Attached a proposed patch that solves the issue.

Regards,
Marco

--
Marco Nenciarini - 2ndQuadrant Italy
PostgreSQL Training, Services and Support
marco.nenciarini@2ndQuadrant.it | www.2ndQuadrant.it

Вложения

Re: [BUGS] BUG #13473: VACUUM FREEZE mistakenly cancel standby sessions

От
Jim Nasby
Дата:
On 6/26/15 8:50 AM, Marco Nenciarini wrote:
>> >In the heap_xlog_freeze we need to subtract one to the value of cutoff_xid
>> >before passing it to ResolveRecoveryConflictWithSnapshot.
>> >
>> >
>> >
> Attached a proposed patch that solves the issue.

FWIW, I've reviewed the usage and the new logic looks correct.
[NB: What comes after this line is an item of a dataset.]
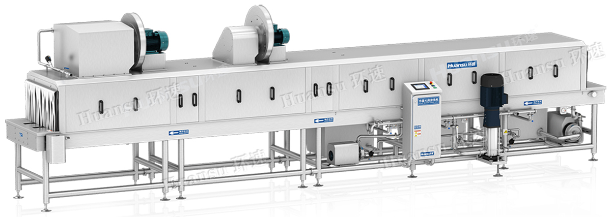1.快速高質(zhì):容器清洗速度200-1800只/小時,滅菌清速度1000-1200只/小時,通過專有的“四步快速清洗”方式使容器煥然一新(高溫高壓清洗滅菌)。將容器由衛(wèi)生環(huán)鏈輸入清洗機中,依次通過預洗段、高壓清洗段、漂洗段、凈水清洗段,(風干或烘干段)。實現(xiàn)360°無死角滅菌;利用康達效應(yīng)設(shè)計的風結(jié)構(gòu),風刀角度、高度可根據(jù)容器形狀輕松調(diào)整,提升周轉(zhuǎn)使用效率;高溫烘干系統(tǒng)可對容器進行高溫滅菌并去除容器表面水分,提高容器周轉(zhuǎn)效率。

It'd actually be nice if we also logged the most recent XID that 
actually got frozen. That's the XID that Hot Standby would actually care 
about (not the freeze limit).
-- 
Jim Nasby, Data Architect, Blue Treble Consulting, Austin TX
Data in Trouble? Get it in Treble! http://BlueTreble.com



Re: [BUGS] BUG #13473: VACUUM FREEZE mistakenly cancel standby sessions

От
Marco Nenciarini
Дата:
On 27/06/15 01:13, Jim Nasby wrote:
> On 6/26/15 8:50 AM, Marco Nenciarini wrote:
>>> >In the heap_xlog_freeze we need to subtract one to the value of
>>> cutoff_xid
>>> >before passing it to ResolveRecoveryConflictWithSnapshot.
>>> >
>>> >
>>> >
>> Attached a proposed patch that solves the issue.
>

I have hit the bug again, as it has been fixed only from 9.5+

The procedure to reproduce it sent in the original post is not fully
accurate, below there is one that always works:

Run the following operation on an idle cluster.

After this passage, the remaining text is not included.